110 years ago, on this day in 1901, a drilling derrick at Spindletop Hill near Beaumont, Texas, produces an enormous gusher of crude oil, coating the landscape for hundreds of feet and signaling the advent of the American oil industry.

http://i844.photobucket.com/albums/ab7/Okla-homey/Spindletop_gusher_sml.jpg
Spindletop No. 1

The geyser was discovered at a depth of over 1,000 feet, flowed at an initial rate of approximately 100,000 barrels a day and took nine days to cap. Following the discovery, petroleum, which until that time had been used in the U.S. primarily as a lubricant and in kerosene for lamps, would become the main fuel source for new inventions such as cars and airplanes; coal-powered forms of transportation including ships and trains would also convert to the liquid fuel.

http://i844.photobucket.com/albums/ab7/Okla-homey/spindletop-1.jpg

Crude oil, which became the world's first trillion-dollar industry, is a natural mix of hundreds of different hydrocarbon compounds trapped in underground rock. The hydrocarbons were formed millions of years ago when tiny aquatic plants and animals died and settled on the bottoms of ancient waterways, creating a thick layer of organic material. Sediment later covered this material, putting heat and pressure on it and transforming it into the petroleum that comes out of the ground today.

In the early 1890s, Texas businessman and amateur geologist Patillo Higgins became convinced there was a large pool of oil under a salt-dome formation south of Beaumont. He and several partners established the Gladys City Oil, Gas and Manufacturing Company and made several unsuccessful drilling attempts before Higgins left the company.

In 1899, Higgins leased a tract of land at Spindletop to mining engineer Anthony Lucas. The Lucas gusher blew on January 10, 1901, and ushered in the liquid fuel age. Unfortunately for Higgins, he'd lost his ownership stake by that point.

Beaumont became a "black gold" boomtown, its population tripling in three months. The town filled up with oil workers, investors, merchants and con men (leading some people to dub it "Swindletop"). Within a year, there were more than 285 actives wells at Spindletop and an estimated 500 oil and land companies operating in the area, including some that are major players today: Humble (now Exxon), the Texas Company (Texaco) and Magnolia Petroleum Company (Mobil).

http://i844.photobucket.com/albums/ab7/Okla-homey/spindletopboiler-avenue_500pxl.jpg
Boiler Avenue in 1903. This scene illustrates the densest drilling in Texas. By 1903, more than 400 wells had been drilled on the dome.

Spindletop experienced a second boom starting in the mid-1920s when more oil was discovered at deeper depths. In the 1950s, Spindletop was mined for sulphur. Today, only a few oil wells still operate in the area.

texaspokieokie
1/10/2011, 09:15 AM
it's a shame that they wasted so much of it.

i've seen a documentary that reported oil selling for 10 cents/barrel, during the depression.

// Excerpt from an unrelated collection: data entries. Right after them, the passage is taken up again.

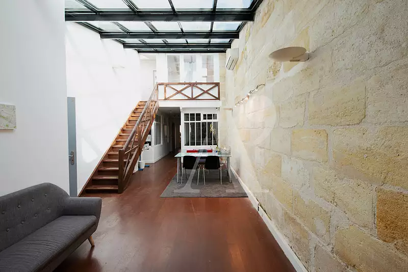 A quelques pas de la Basilique Saint-Seurin, ces bureaux répartis sur deux niveaux prennent place au sein d'un bel immeuble en pierre traversant, composé de trois lots. D'une superficie d'environ 240 m², le local se compose au rez-de-chaussée de plusieurs salles de travail modulables, offrant de nombreuses possibilités d'aménagement selon les besoins. A l'étage, un palier lumineux dessert deux vastes bureaux ainsi qu'un espace sanitaire comprenant deux WC séparés. L'ensemble bénéficie d'une luminosité exceptionnelle, mise en valeur par une superbe verrière. La double hauteur sous plafond confère quant à elle un volume généreux et une atmosphère particulièrement agréable. Enfin, un patio privatif de 8,30 m² vient compléter cet ensemble, offrant un espace extérieur. Le bien est vendu loué, avec un bail commercial en cours. Copropriété de 3 lots - dont 2 lots habitation.(Pas de procédure en cours).
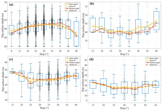 Statistical relationship between slip-surface depth and slope. (a) Slip-surface depth vs. slope for the Xishancun landslide; (b) Slip-surface depth vs. slope for the Mashancun No. 1 landslide; (c) Slip-surface depth vs. slope for the Mashancun No. 2 landslide; (d) Slip-surface depth vs. slope for the Xiaoqicun No. 1 landslide.
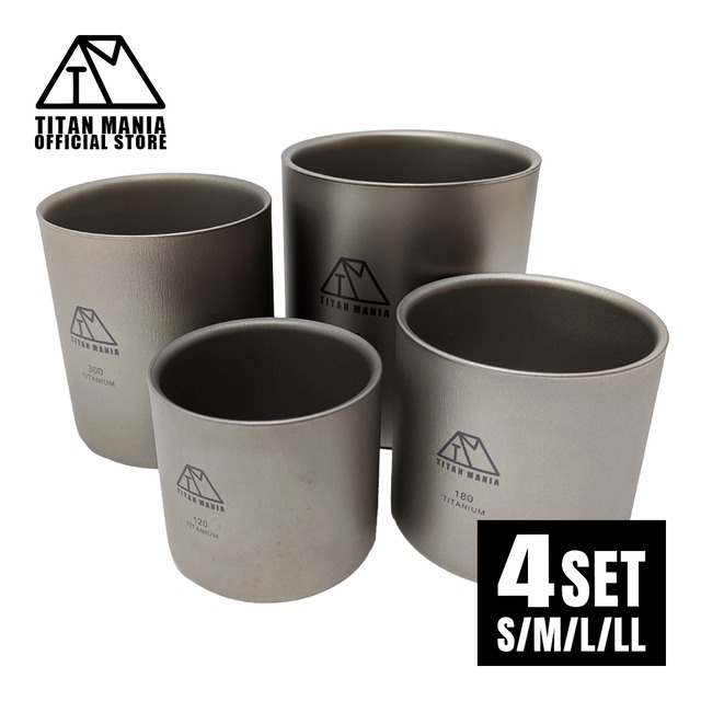 TITAN MANIA(チタンマニア)は、キャンプ・アウトドア好きの皆様に末永く愛用してもらえる高品質のキャンプギアを中心とした製品を大阪よりお届けするチタン製品専門ブランドです。 【商品詳細】 Sサイズ サイズ(約):57×62mm 重量(約):46g 容量(約):120ml Mサイズ サイズ(約):67×69mm 重量(約):58g 容量(約):180ml Lサイズ サイズ(約):84×76mm 重量(約):83g 容量(約):300ml LLサイズ サイズ(約):94×89mm 重量(約):108g 容量(約):450ml 材質:チタン 【セット内容】 本体(Sサイズ/Mサイズ/Lサイズ/LLサイズ)、収納袋 【商品説明】 超軽量!保温・保冷性に優れた二重構造。軽量で頑丈、スタッキングできるチタン製ダブルウォールマグカップ。温度変化が起きにくい二重構造のコップなので野外での食事におすすめ。チタンは嫌な金属臭がしないので飲み物の風味を損ないません。 積み重ねることで簡単に収納ができるスタッキンマグは、荷物を減らしたい・少なくしたいミニマムなウルトラライトキャンプにおすすめ。持ち運びに便利な通気性の良いメッシュ素材の収納袋付き。耐食性に優れたチタン製なのでサビてしまう心配がないので屋外での使用におすすめ。 マットな質感で手触りも良く、普段使いにも適しています。タンブラーやロックグラスとしてだけではなく取り皿や器としても使えます。軽量でコンパクトなのでソロキャンプ、釣りや登山、ハイキング、お花見やバーベキュー、バイクツーリングなど様々なアウトドアシーンで大活躍。
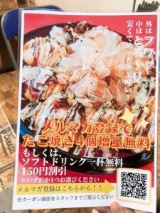 たこ焼き4個増量無料orソフトドリンク無料などのお得なプレゼント企画も行っています。
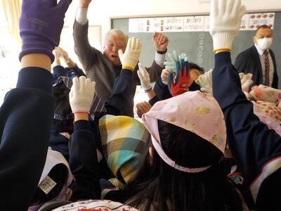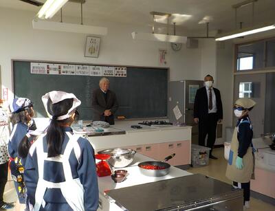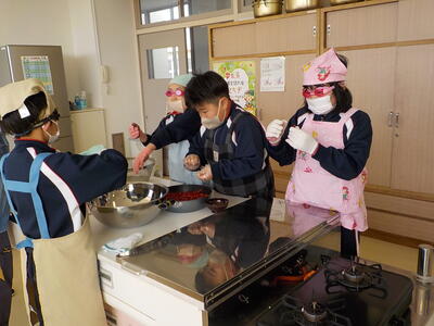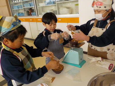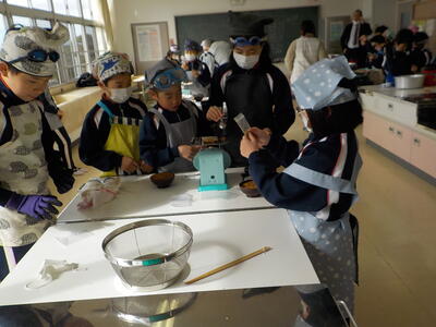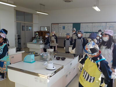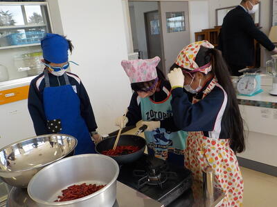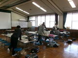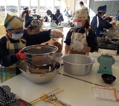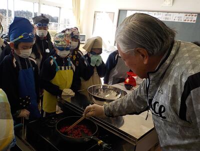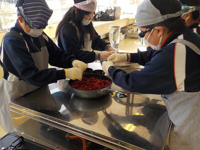 3年生が講師の方にお越しいただき、七味唐辛子を作りました。作り方を教わったあと、円陣を組んで気持ちを高めました。

finally they developed rules (about which i know next to nothing) wells
had to be spaced so far (don't know how far) apart.

my Dad started working in oil fields, probably before WWI.

his oldest bro had a business, hauling oil field equipment, using mules.

makes me sick, when i think about how much oil was wasted during wars.

one B-29 on a bombing raid over japan used about as much fuel as i've used in my whole life.

also ,obama wastes a lot. (had to get that in)

Taxman71
1/10/2011, 01:52 PM
it's a shame that they wasted so much of it.

i've seen a documentary that reported oil selling for 10 cents/barrel, during the depression.

finally they developed rules (about which i know next to nothing) wells
had to be spaced so far (don't know how far) apart.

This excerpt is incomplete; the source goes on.